Solazyme expects to achieve gross margins of 30 percent or more, according to its Chief Financial Officer Tyler Painter

Palm-Kernel Oil

The algal oil contains lauric acid, which can be processed into detergents and replaces palm-kernel oil, which sells for as much as $1,800 a ton, Oliveira said. The domestic market for the oil may reach 400,000 tons a year, he said.

Other biotechnology companies including LS9 Inc., Green Biologics Ltd. and Cobalt Technologies Inc. are also planning cane-based chemical ventures in Brazil. Local petrochemical company Braskem SA (BRKM5) already produces a raw material for plastic from the crop at a facility in the southern state of Rio Grande do Sul.

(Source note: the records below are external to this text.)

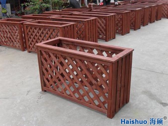 3、戶外花箱成型后,還要進(jìn)行細(xì)致的人工打磨,進(jìn)行戶外景觀防腐木花箱的最后一步—噴漆。
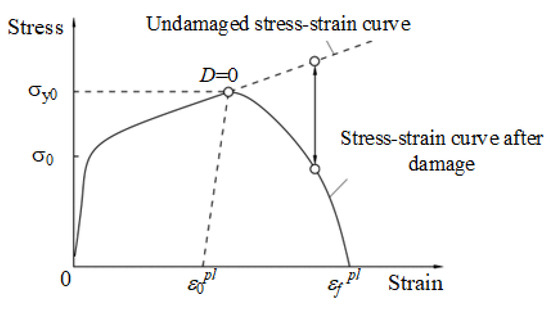 where E is Young’s modulus before rock crushing, E’ is Young’s modulus after rock crushing, ε is strain, σ is stress, and σy0 is the yield stress at rock crushing, at which time the total damage D = 0. When the plastic strain reaches δfpl, the total damage D = 1 and the rock is completely broken, and the stress–strain curve of the rock failure process is shown in Figure 10.
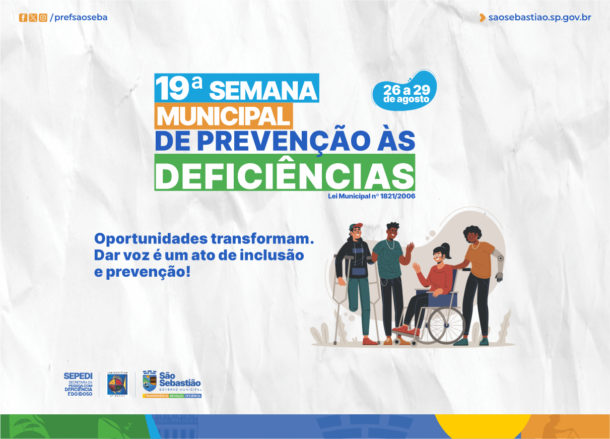 Em conformidade com a Lei Municipal nº 1.821/2006, que institui a Semana Municipal de Prevenção às Deficiências, a ser realizada anualmente no mês de agosto, a Prefeitura de São Sebastião, por meio das secretarias da Pessoa com Deficiência e do Idoso (Sepedi), Educação (Seduc), Esporte (Seesp), Saúde (Sesau), Desenvolvimento Econômico e Social (Sedes), Segurança Urbana (Segur), Serviços Públicos (Sesep) e Administração (Secad), além da Fundação de Arte e Cultura (Fundass), elaborou uma programação especial de 26 a 29 de agosto para desenvolver a 19ª Semana Municipal de Prevenção às Deficiências.
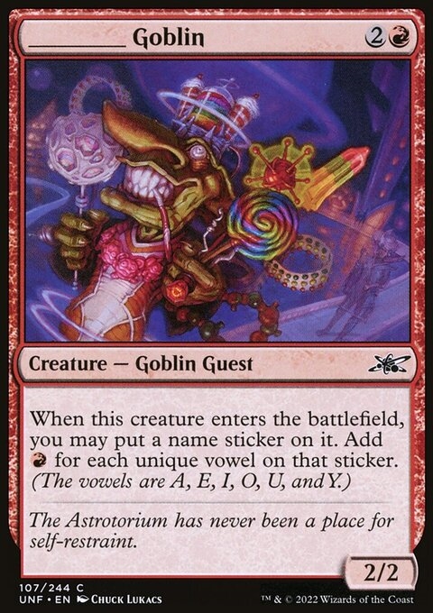 When this creature enters, you may put a name sticker on it. Add {R} for each unique vowel on that sticker. (The vowels are A, E, I, O, U, and Y.)
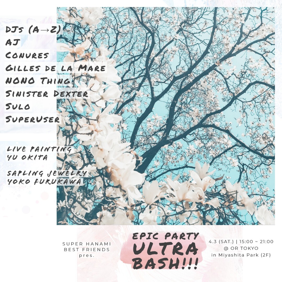 Shibuya's iconic Miyashita Park has been reborn as a modern, state-of-the-art culture hub with "OR TOKYO"—the city's newest and classiest venue—conveniently located inside! This April 3rd, get ready for a rocking dance party furnished with REAL cherry blossom branches, marking what is perhaps Tokyo's first ever indoor hanami rave! With an all-star DJ cast and an abundance of positive spring vibes, don't deny yourself the best party experience in Shibuya this day!
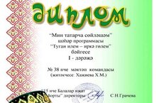 25 нче январьдә безнең мәктәп укучылары “Мин татарча сөйләшәм!”шәһәр программасының 4 нче этабында катнашып, 1 нче урын яуладылар. 4 нче этап “Туган илем-иркә гөлем ”исеме астында узды.Бәйгедә 3б һәм 5а сыйныфы укучылары Шангараева Залинә, Шангараева Азалия, Ахиардинова Амира, Зарипова Радэлия катнашты. Бәйгегә укчыларны татар теле һәм әдәбияты укытучысы Хазиева Халидә Мингараевна әзерләде.Киләсе бәйгеләрдә дә уңышлар теләп калабыз!
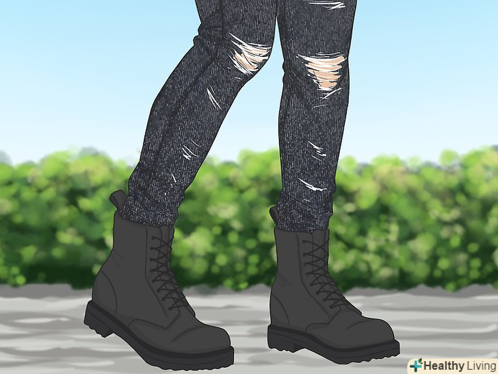 Підберіть відповідне взуття. як правило, вампіри не носять тенісні туфлі або кросівки. Вони вибирають класичне взуття.- Хлопцям найкраще носити масивне взуття. Можна купити класичні туфлі з грубої шкіри на товстій підошві або високі чорні робочі черевики. Підійде і взуття Dr Martens.
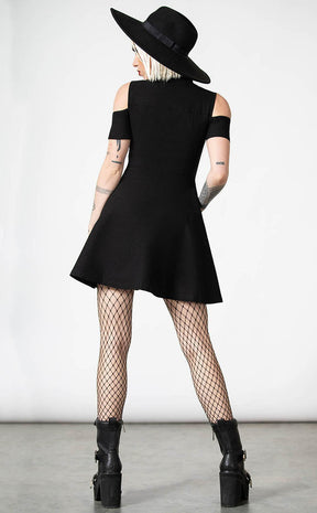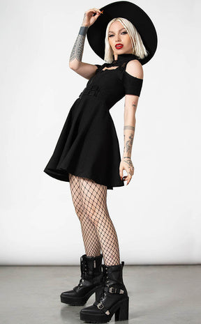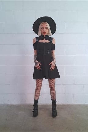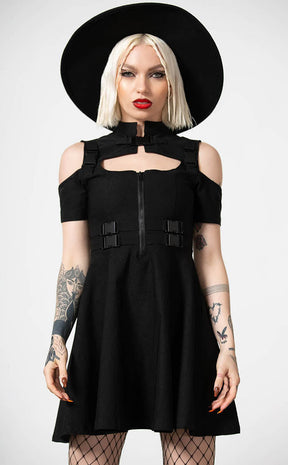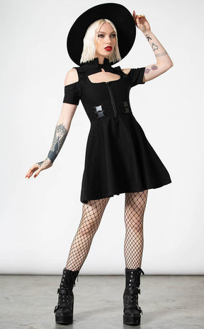 Leave 'em stunned in the Cybermancy Zip Skater Dress! This futuristic cutie is made with soft, stretch fabric that forms an A-line silhouette with a high neckline, seam detailing, cutout shoulders and a cutout yoke. Wicked cyber deets like buckles on the collar, shoulders, and waist will have ya feelin' badass along with the front zip.
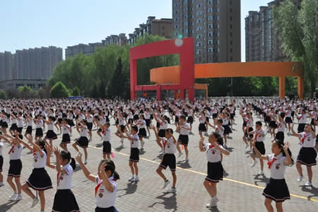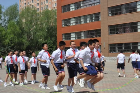“跳繩”是該校體育工作的一大特色,做到了人人有跳繩,個個有花樣、班班有特色。由于此項運動不受年齡限制,是一項強健心臟、有益增高的運動,又能鍛煉學生的彈跳力、節奏感和協調性,非常受學生們歡迎。有長繩和短繩,有速度跳和花樣跳,有單人跳和多人跳,多人集體跳繩等形式,既讓孩子們在跳繩中,展示自我、愉悅身心、享受童年的朝氣蓬勃,更進一步增強了學生集體榮譽感及培養出合作精神。
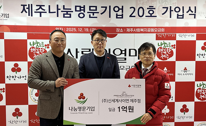 나눔명문기업 가입식은 이날 오전 사회복지공동모금회 제주지회에서 열렸다. 가입식에는 박지윤 신세계사이먼 점포운영담당 상무, 정상기 신세계사이먼 제주점장, 강지언 제주사회복지공동모금회 회장 등 관계자들이 참석했다.
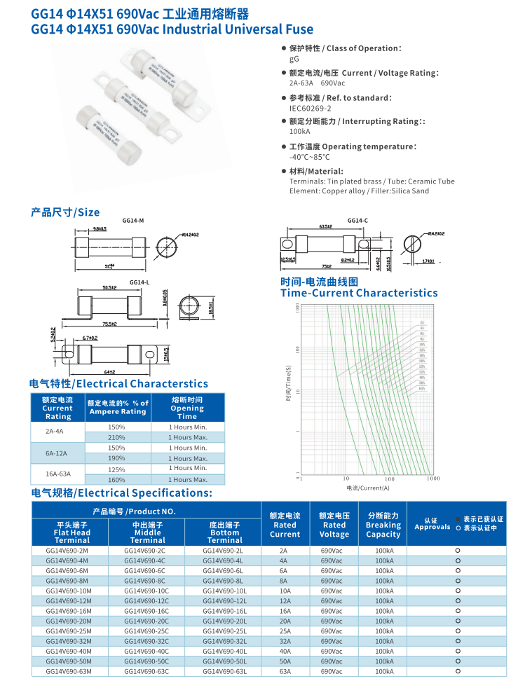 简述: 工业通用熔断器CG14 14*51 690VAC INDUSTRIAL Universal Fuse
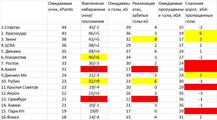 Во время перерыва на матчи сборных самое время разобраться, что же там получается по продвинутой статистике в РПЛ после 3 весенних туров. Вот какой вид имеет таблица по xPoints
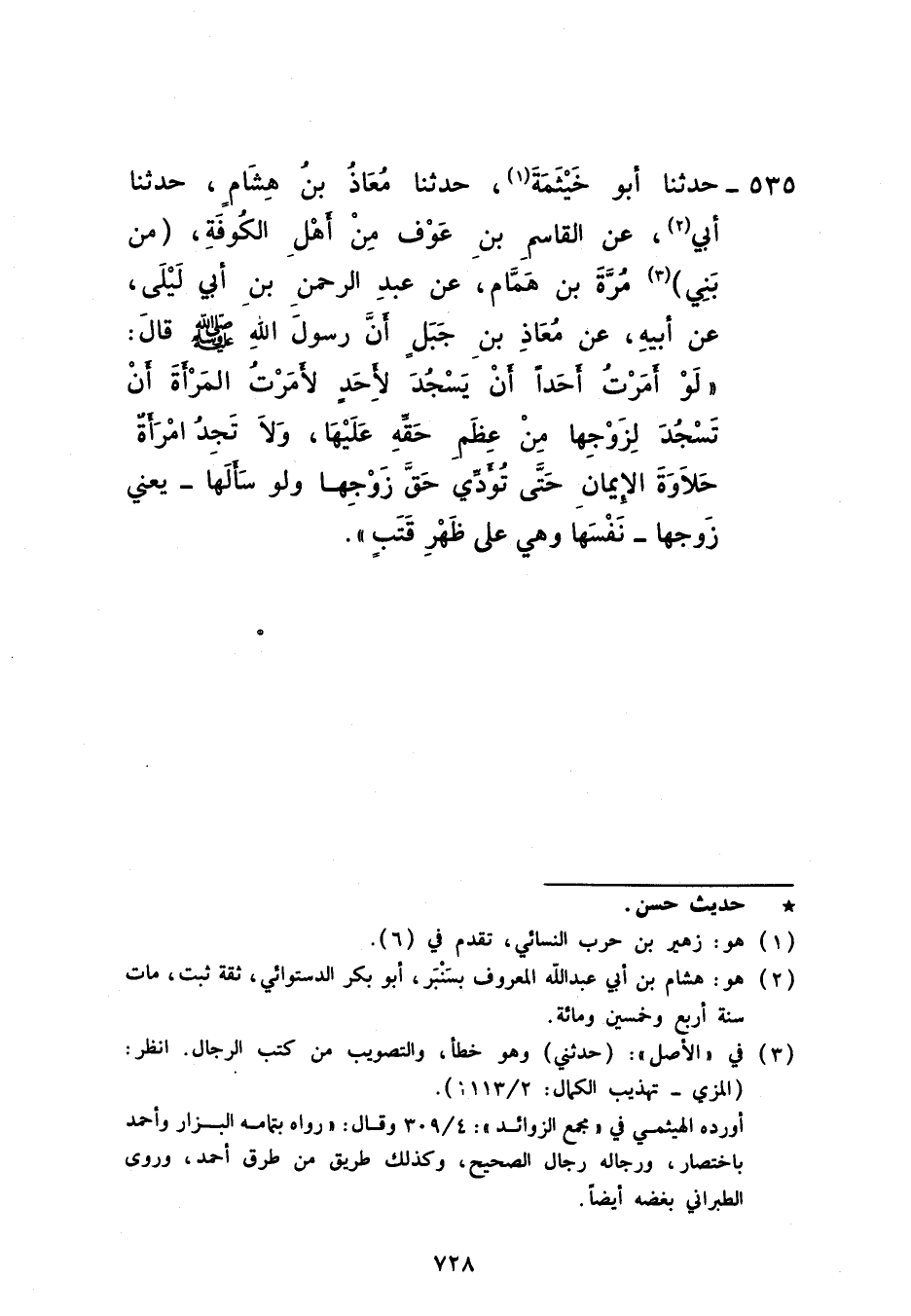 535 - حَدَّثَنَا أَبُو خَيْثَمَةَ، حَدَّثَنَا مُعَاذُ بْنُ هِشَامٍ، حَدَّثَنَا أَبِي، عَنِ الْقَاسِمِ بْنِ عَوْفٍ، مِنْ أَهْلِ الْكُوفَةِ مِنْ بَنِي مُرَّةَ بْنِ هَمَّامٍ، عَنْ عَبْدِ الرَّحْمَنِ بْنِ أَبِي لَيْلَى، عَنْ أَبِيهِ، عَنْ مُعَاذِ بْنِ جَبَلٍ، أَنَّ رَسُولَ اللَّهِ صَلَّى اللهُ عَلَيْهِ وَسَلَّمَ قَالَ: «§لَوْ أَمَرْتُ أَحَدًا أَنْ يَسْجُدَ لِأَحَدٍ لَأَمَرْتُ الْمَرْأَةَ أَنْ تَسْجُدَ لِزَوْجِهَا مِنْ عِظَمِ حَقِّهِ عَلَيْهَا وَلَا تَجِدُ امْرَأَةٍ حَلَاوَةَ الْأَيْمَانِ حَتَّى تُؤَدِّيَ حَقَّ زَوْجِهَا وَلَوْ سَأَلَهَا - يَعْنِي زَوْجُهَا - نَفْسَهَا وَهِيَ عَلَى ظَهْرِ قَتَبٍ»
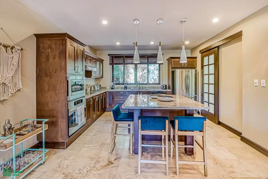 Step inside to find top-quality finishes and high-end furnishings, with elegant travertine floors throughout. The spacious bedrooms include 1 king bed, 2 queen beds, and 2 twin beds, ensuring ample space for family and guests. The gourmet kitchen is fully equipped for culinary enthusiasts, while the beautifully curated tropical décor creates a serene and inviting ambiance. This property is a true gem in the Costa Rica real estate market.
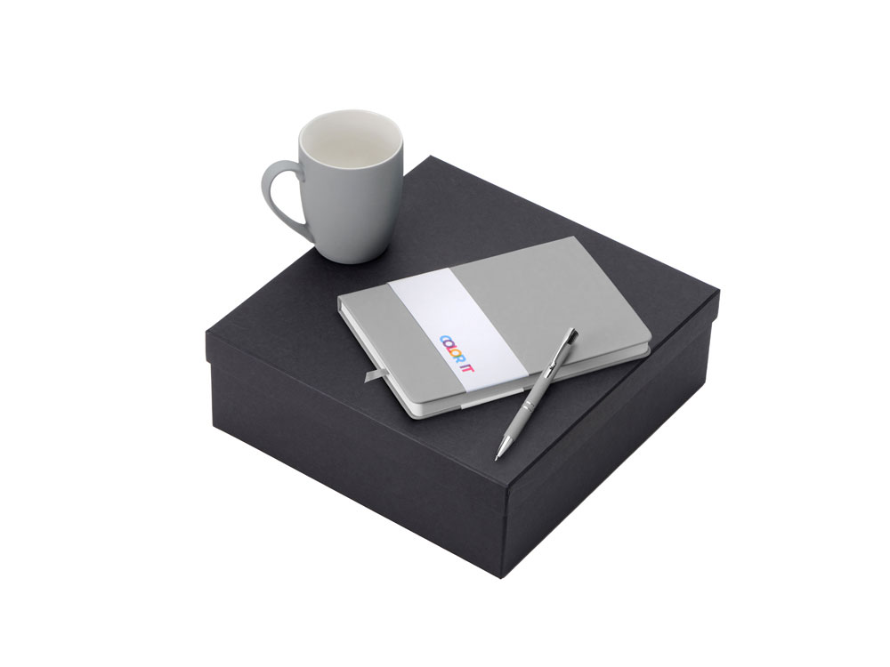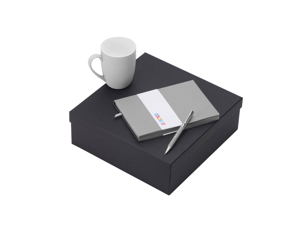 блокнот — искусственная кожа с покрытием soft-touch, ручка — алюминий с покрытием soft-touch, кружка — фарфор с покрытием soft-touch, коробка — картон
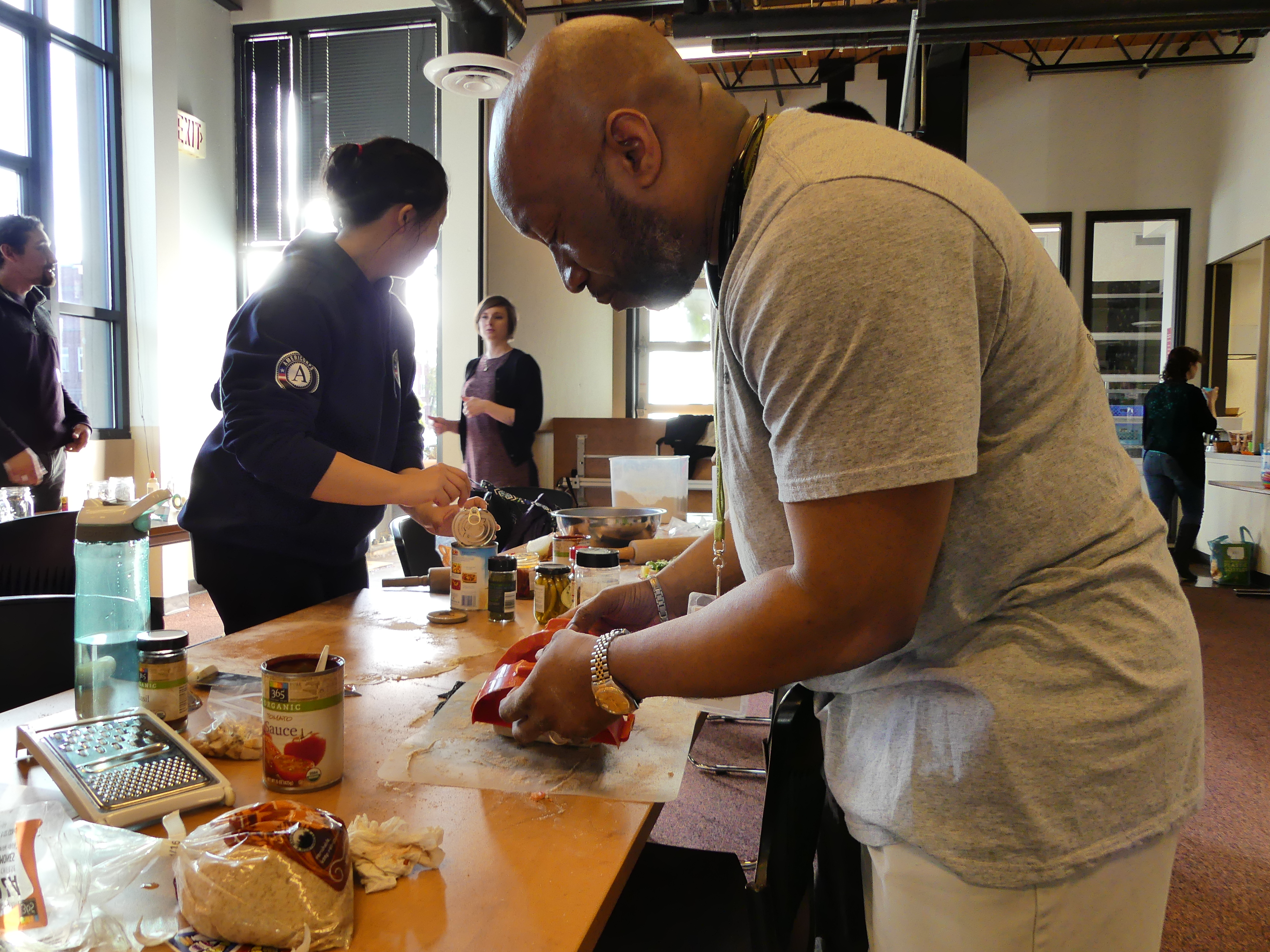 Cooking Matters thanks our fantastic volunteers for helping to make our celebration on Saturday, February 27 so much fun! I am still in a nostalgic food coma from such a wonderfully diverse selection of pizza that I could enjoy, especially without receiving a charge per-slice. Here’s a recap of our fun evening of pizza building, apron decorating and terrarium creating activities.
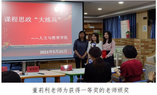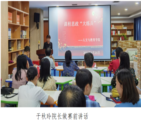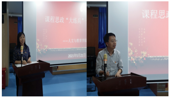 2021年5月21日 人文与教育学院在图书馆三楼教师沙龙活动室举行了课程思政“大练兵”活动,全体教师参与。
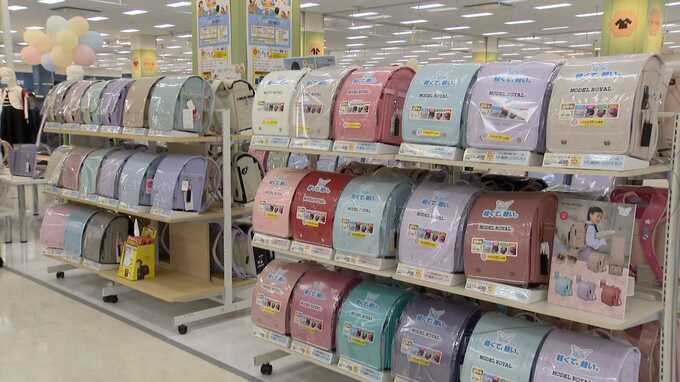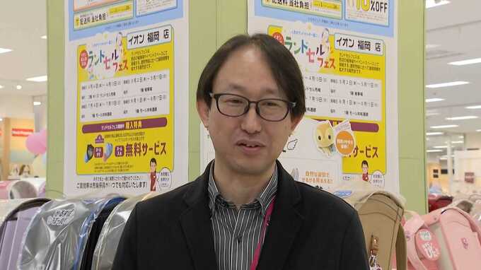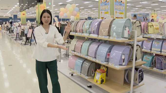 RKB 武田伊央 アナウンサー「イオン福岡にやってきました。新年度が始まったばかりですが、こちらでは来年度用の新1年生のランドセル売り場が設置され、ずらりと400種類、色とりどりのランドセルが並んでいるんです」
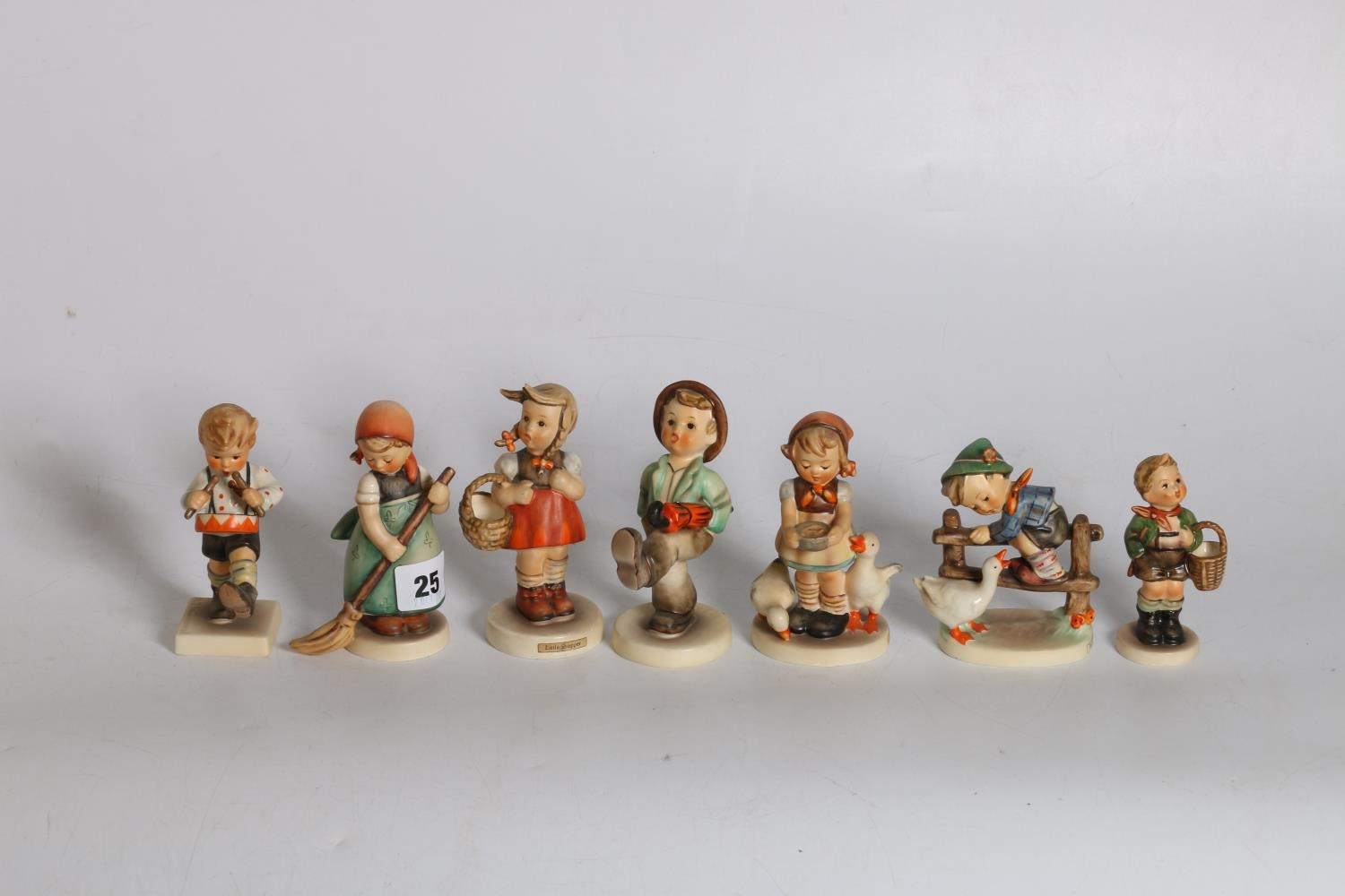 Goebel Hummel figures to include #109 Happy Traveler, #195 Barnyard Hero, #98 Little Shopper, #240 Little Drummer, #171 Little Sweeper, #197 Be Patient and #198 Home from Market. (7)
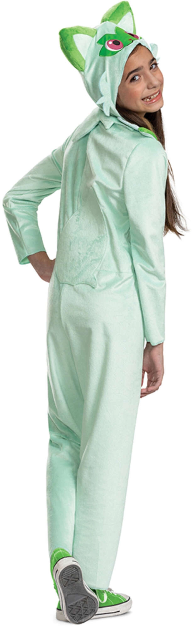 Træd ind i POKEMON-universet med den komfortable kigurumi af Sprigatito. Den lysegrønne heldragt med bladkrave og hætte med øjne og ører giver det komplette look af den populære figur. Takket være lynlåsen foran er den let at tage af og på og er perfekt til leg, fester og skole-karneval.
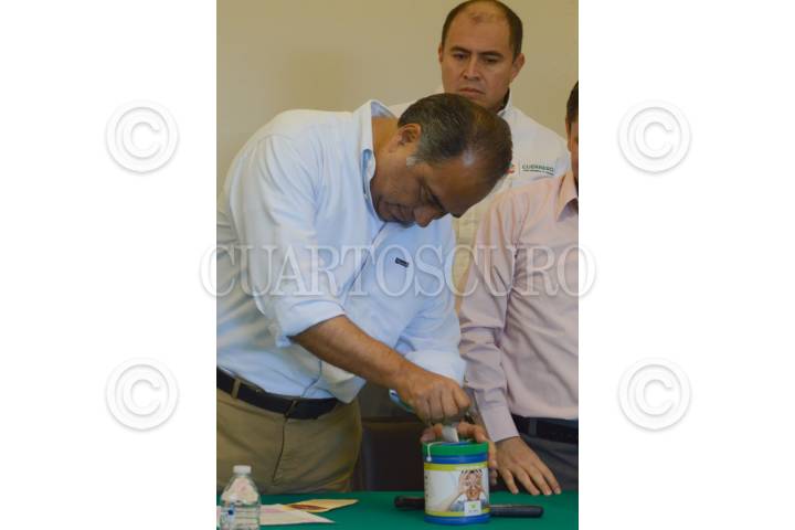 CHILPANCINGO, GUERRERO, 14MARZO2016.- El gobernador Héctor Astudillo dio el banderazo de inició de la colecta "Ver bien para Aprender Mejor", programa que busca beneficiar a estudiantes de bajo recurso económicos, a través de exámenes de optometría y la donación de lentes. Durante la puesta en marcha de la colecta lo acompañaron; Sergio Rodríguez Marmolejo , delegado de la SEP en Guerrero, y de José Luis González de la Vega, secretario de Educación. FOTO: JOSÉ I. HERNÁNDEZ / CUARTOSCURO.COM

Sugar-cane fields in Brazil yielded on average 79 metric tons a hectare in 2010, compared to about 70 tons in both India, the world’s second biggest producer, and in the U.S., the United Nations’ Food and Agriculture Organization said on its website.

“Brazil, with its low-cost feedstock, is at the very least a proving ground for biotechnology,” Nexant’s Slome said. “If you can’t make it with Brazil costs, you can’t make it anywhere.